(WHAT TO WORK ON) In the copy, include exactly the lines from the one with "कोरोना वालिंटियर प्रतिमा" through the end of the data and no others, both ends kept, with every picture left out.
***
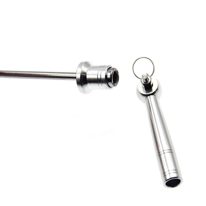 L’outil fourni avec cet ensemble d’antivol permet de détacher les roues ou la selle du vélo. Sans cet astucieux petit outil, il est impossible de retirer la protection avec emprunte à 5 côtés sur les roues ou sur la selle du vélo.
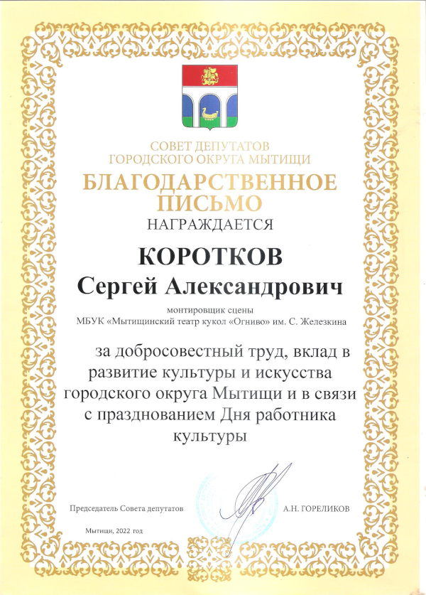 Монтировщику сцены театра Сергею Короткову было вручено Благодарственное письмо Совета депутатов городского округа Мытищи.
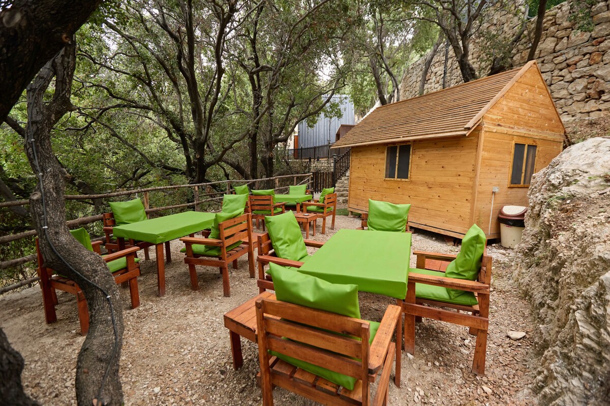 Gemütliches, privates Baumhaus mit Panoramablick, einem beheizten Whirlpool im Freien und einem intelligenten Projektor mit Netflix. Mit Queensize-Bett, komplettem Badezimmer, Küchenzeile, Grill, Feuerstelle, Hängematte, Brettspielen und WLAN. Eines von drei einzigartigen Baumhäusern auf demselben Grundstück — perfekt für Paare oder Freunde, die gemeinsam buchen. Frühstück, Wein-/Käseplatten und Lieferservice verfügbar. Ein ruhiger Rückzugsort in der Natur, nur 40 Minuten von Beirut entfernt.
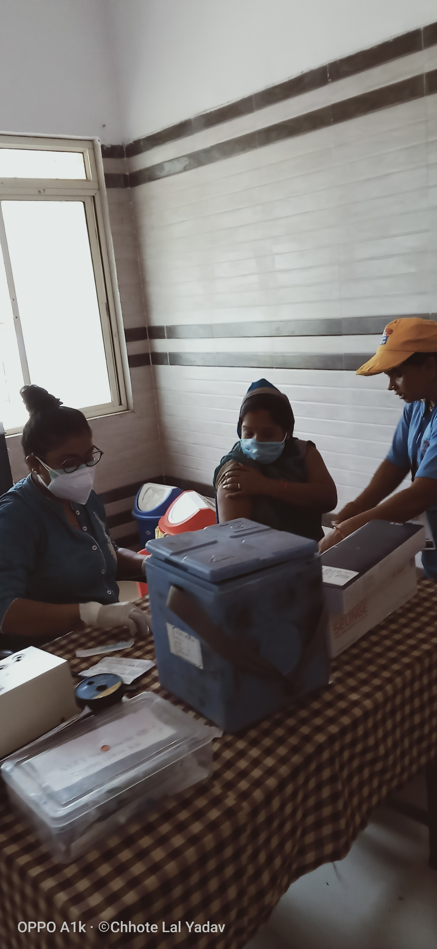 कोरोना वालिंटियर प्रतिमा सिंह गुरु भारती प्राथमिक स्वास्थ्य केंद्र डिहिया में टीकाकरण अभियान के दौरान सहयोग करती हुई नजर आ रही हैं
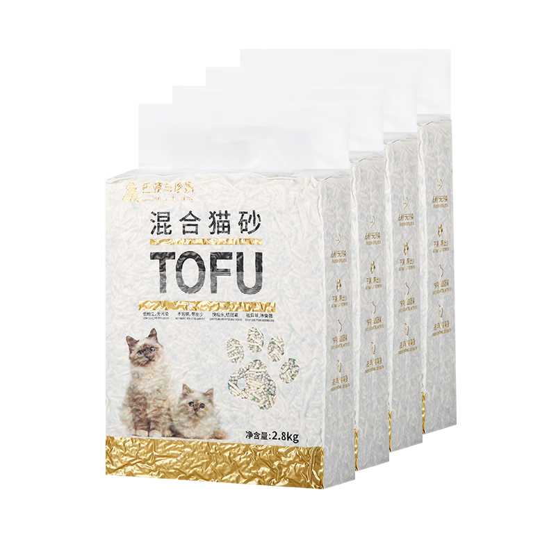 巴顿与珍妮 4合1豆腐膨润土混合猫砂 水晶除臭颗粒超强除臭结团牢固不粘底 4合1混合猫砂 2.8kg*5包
***
(SOLVED PROBLEM)
 कोरोना वालिंटियर प्रतिमा सिंह गुरु भारती प्राथमिक स्वास्थ्य केंद्र डिहिया में टीकाकरण अभियान के दौरान सहयोग करती हुई नजर आ रही हैं
 巴顿与珍妮 4合1豆腐膨润土混合猫砂 水晶除臭颗粒超强除臭结团牢固不粘底 4合1混合猫砂 2.8kg*5包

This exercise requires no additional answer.